An appeals court recently upheld a trial court’s decision to convict a man who racially intimidated a Black police officer during an incident in which he wore a white hood and called her the N-word.
Trenton Whitaker-Blakey was found guilty of felony intimidation in May and sentenced to 30 months in prison after an encounter in Muncie, Indiana, with a Black female officer on Jan. 18.
According to court documents, the police officer, who was dressed in “business casual” attire with her “gun and badge” over her blouse, parked her unmarked vehicle in the city hall parking lot. When she exited the car, a man suddenly “popped up” from behind a marked police car about 10 feet away from where she was standing.
The man, authorities later identified as Whitaker-Blakey, was wearing a backpack and a “white hood” over his head with eye holes cut out. He stepped a bit closer to the Black officer, then uttered the slur “n****r.”
Court documents stated that after the encounter, she walked to her office and reported the incident to her supervisor.
After police reviewed surveillance footage, they located Whitaker-Blakey later that day, who confessed to using the slur and wearing the hood, which authorities learned was a pillowcase. However, he said he only wore the hood because it was cold outside, and he claimed he never directed the slur at the Black officer but at a group of white men across the street.
Whitaker-Blakey also admitted he had gone to a “meeting” with a white supremacist group, but he was not part of any white supremacist organization.
During Whitaker-Blakey’s trial, the officer testified that the white hood resembled a Ku Klux Klan hood and made her “think about lynchings and murders of Black individuals — rapes of Black women — basically any bad thing that could happen to a Black person.”

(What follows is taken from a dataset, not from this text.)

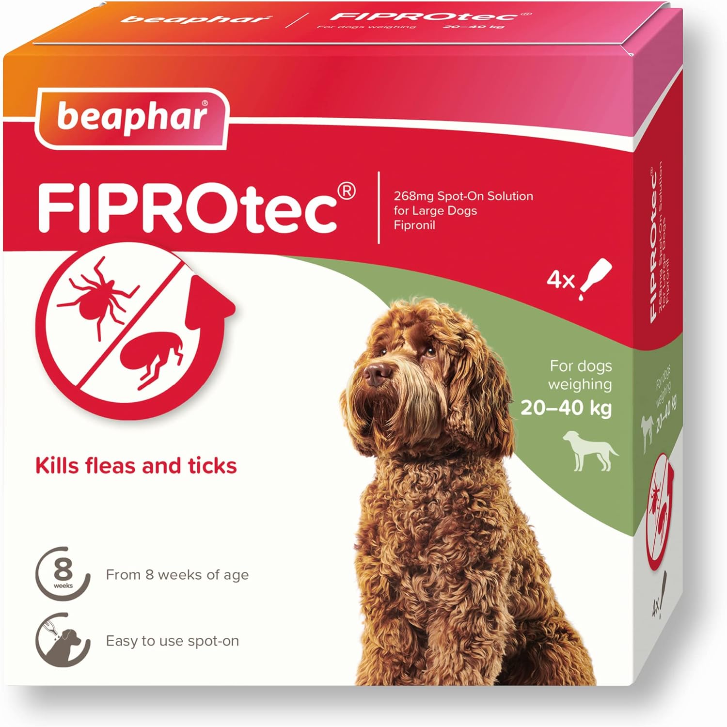 - KILLS FLEAS AND TICKS: Beaphar FIPROtec Spot-On for Large Dogs is an effective and affordable veterinary medicine to control fleas and ticks on your dog, killing fleas within 24 hours and ticks within 48 hours.

During the 27-year-old’s sentencing, Judge Douglas Mawhorr stated that the circumstances surrounding Whitaker-Blakey’s interaction with the officer indicated that he wanted to make her feel like he was “going to commit a crime against her – injure her – make her fight – make her do something against her will which is defend herself. That’s why it was a threat.”
The court also did not side with Whitaker-Blakey’s claim that he was wearing a white hood outside because it was cold or that he directed the slur at anyone other than the Black officer.

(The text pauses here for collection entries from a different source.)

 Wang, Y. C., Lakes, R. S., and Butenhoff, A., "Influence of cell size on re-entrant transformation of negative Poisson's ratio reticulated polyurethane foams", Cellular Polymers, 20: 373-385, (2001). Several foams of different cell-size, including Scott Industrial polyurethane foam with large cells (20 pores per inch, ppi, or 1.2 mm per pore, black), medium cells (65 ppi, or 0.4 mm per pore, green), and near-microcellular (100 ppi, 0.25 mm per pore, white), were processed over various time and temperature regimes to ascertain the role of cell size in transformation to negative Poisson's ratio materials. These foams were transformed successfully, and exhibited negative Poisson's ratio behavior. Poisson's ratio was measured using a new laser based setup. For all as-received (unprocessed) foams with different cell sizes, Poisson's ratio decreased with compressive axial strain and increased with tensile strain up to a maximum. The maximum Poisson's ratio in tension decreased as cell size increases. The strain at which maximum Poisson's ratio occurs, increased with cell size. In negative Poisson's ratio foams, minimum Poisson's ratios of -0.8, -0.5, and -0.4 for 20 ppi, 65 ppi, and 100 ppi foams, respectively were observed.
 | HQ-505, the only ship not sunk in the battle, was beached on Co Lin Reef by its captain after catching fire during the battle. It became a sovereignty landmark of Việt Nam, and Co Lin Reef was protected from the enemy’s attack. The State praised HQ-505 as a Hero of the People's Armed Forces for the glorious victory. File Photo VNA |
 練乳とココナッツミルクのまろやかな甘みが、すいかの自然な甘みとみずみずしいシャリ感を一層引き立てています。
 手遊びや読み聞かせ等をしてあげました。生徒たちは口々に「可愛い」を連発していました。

“If you’d stated that to not just a black female, but to any black person in the manner in which you did – that is a threat, and I believe it was your intention to cause that threat because of the way you conducted yourself,” Mawhorr said at the sentencing hearing in May.

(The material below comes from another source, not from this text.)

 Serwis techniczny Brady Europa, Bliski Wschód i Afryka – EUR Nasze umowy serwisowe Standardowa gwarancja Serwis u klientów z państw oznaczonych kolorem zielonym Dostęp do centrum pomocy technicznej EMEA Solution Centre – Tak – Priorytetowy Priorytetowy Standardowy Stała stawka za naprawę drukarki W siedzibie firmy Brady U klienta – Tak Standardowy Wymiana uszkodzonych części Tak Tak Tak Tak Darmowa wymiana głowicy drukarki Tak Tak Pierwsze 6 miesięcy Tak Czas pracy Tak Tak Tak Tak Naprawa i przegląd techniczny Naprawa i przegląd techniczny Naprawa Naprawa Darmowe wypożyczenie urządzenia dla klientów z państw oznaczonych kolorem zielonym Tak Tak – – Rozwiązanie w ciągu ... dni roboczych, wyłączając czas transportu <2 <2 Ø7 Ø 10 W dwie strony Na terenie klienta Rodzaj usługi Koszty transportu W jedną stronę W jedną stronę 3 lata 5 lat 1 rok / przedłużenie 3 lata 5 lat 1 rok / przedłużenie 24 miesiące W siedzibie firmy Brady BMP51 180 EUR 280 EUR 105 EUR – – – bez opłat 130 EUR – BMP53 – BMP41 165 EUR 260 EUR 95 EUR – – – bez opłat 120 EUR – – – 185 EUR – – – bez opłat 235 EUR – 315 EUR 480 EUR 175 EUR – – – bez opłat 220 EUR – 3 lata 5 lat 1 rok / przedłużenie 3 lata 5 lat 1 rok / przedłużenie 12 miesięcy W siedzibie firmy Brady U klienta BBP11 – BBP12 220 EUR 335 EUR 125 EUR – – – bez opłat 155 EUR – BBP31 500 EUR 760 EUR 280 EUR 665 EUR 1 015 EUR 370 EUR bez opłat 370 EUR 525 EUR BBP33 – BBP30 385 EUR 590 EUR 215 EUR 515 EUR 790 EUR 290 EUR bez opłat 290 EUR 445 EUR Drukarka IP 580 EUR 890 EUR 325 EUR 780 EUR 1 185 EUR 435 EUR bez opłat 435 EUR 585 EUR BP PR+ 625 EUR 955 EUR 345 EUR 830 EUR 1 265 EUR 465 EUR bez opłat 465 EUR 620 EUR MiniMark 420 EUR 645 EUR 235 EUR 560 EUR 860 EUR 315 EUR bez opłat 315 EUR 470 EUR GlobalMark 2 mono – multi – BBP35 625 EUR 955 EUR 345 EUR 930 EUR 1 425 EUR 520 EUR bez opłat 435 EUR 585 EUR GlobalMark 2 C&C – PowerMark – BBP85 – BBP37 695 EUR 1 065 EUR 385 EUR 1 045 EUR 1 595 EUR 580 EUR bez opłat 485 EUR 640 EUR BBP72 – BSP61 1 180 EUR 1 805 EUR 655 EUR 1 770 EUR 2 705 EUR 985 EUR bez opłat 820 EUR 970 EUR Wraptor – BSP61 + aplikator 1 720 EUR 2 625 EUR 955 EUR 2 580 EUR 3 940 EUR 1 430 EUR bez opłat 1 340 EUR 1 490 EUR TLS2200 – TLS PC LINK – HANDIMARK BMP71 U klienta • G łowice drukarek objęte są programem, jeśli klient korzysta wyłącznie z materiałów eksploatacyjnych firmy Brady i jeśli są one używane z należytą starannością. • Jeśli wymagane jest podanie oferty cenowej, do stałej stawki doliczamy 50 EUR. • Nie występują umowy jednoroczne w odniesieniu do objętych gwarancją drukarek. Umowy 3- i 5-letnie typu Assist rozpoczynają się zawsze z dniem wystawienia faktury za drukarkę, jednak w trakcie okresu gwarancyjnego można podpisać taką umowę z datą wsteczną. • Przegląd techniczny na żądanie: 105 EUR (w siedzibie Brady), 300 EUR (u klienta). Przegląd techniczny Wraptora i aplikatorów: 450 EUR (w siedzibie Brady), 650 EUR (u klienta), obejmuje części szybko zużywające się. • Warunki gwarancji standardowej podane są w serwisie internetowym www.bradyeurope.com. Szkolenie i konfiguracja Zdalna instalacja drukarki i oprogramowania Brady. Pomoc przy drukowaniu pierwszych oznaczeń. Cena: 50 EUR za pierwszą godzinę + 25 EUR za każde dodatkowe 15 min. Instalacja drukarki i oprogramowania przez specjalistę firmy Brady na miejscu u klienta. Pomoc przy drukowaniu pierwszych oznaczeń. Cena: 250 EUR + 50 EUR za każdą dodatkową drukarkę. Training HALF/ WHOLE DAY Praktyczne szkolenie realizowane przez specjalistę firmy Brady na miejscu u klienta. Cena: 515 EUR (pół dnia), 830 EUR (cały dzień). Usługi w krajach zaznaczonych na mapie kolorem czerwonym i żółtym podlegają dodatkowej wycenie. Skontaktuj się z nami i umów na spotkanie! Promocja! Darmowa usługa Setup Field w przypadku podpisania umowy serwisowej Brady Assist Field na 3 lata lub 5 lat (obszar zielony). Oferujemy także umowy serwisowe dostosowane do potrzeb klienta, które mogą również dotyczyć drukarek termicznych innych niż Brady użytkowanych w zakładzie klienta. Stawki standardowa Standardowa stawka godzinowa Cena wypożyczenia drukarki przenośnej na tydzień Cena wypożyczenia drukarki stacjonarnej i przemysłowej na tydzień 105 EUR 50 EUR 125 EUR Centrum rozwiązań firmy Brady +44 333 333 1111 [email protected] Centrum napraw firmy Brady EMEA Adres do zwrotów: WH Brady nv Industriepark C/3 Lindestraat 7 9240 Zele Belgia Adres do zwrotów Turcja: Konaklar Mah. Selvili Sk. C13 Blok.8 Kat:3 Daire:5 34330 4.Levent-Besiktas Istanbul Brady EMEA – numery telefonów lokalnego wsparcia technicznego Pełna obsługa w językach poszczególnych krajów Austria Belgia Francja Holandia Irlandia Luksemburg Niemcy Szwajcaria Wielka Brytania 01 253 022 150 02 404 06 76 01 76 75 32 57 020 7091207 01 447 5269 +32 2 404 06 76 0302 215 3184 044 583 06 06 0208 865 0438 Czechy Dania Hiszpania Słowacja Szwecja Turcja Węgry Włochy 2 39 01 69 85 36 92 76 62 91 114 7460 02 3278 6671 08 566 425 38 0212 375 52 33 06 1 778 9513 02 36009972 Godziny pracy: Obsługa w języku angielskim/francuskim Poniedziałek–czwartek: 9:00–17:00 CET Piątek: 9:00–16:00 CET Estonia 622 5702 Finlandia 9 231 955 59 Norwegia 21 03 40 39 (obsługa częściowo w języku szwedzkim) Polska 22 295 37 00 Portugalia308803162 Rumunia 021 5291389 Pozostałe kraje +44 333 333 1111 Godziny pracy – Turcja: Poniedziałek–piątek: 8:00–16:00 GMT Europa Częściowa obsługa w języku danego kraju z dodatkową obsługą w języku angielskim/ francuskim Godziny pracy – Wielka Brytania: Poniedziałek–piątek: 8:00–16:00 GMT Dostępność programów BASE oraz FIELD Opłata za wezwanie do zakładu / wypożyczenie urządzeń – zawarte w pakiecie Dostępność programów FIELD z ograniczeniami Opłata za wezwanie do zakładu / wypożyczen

Whitaker-Blakey appealed the conviction, arguing there was “insufficient” evidence proving that he intended the officer to be “placed in fear that the threat would be carried out.”
The Indiana Court of Appeals rejected his appeal in a 3-0 decision on Dec. 11, stating that his actions proved he “expressed an intention to unlawfully injure” the cop.
“Before assessing the merits of this case, we note that it is undeniable that the word ‘n****r’ used conventionally – namely as an insult – continues to be an oft-heard feature of the soundtrack of American racism at its most base and violent,” the appeals court affirmed. “The use of such a racial slur ‘flows from the fountain of purpose to injure.'”
After the appeal was rejected, Delaware County Prosecutor Eric Hoffman released a statement, calling the facts of this case “very disturbing” and adding that “bigotry, hatred, and intolerance have no place in our society.”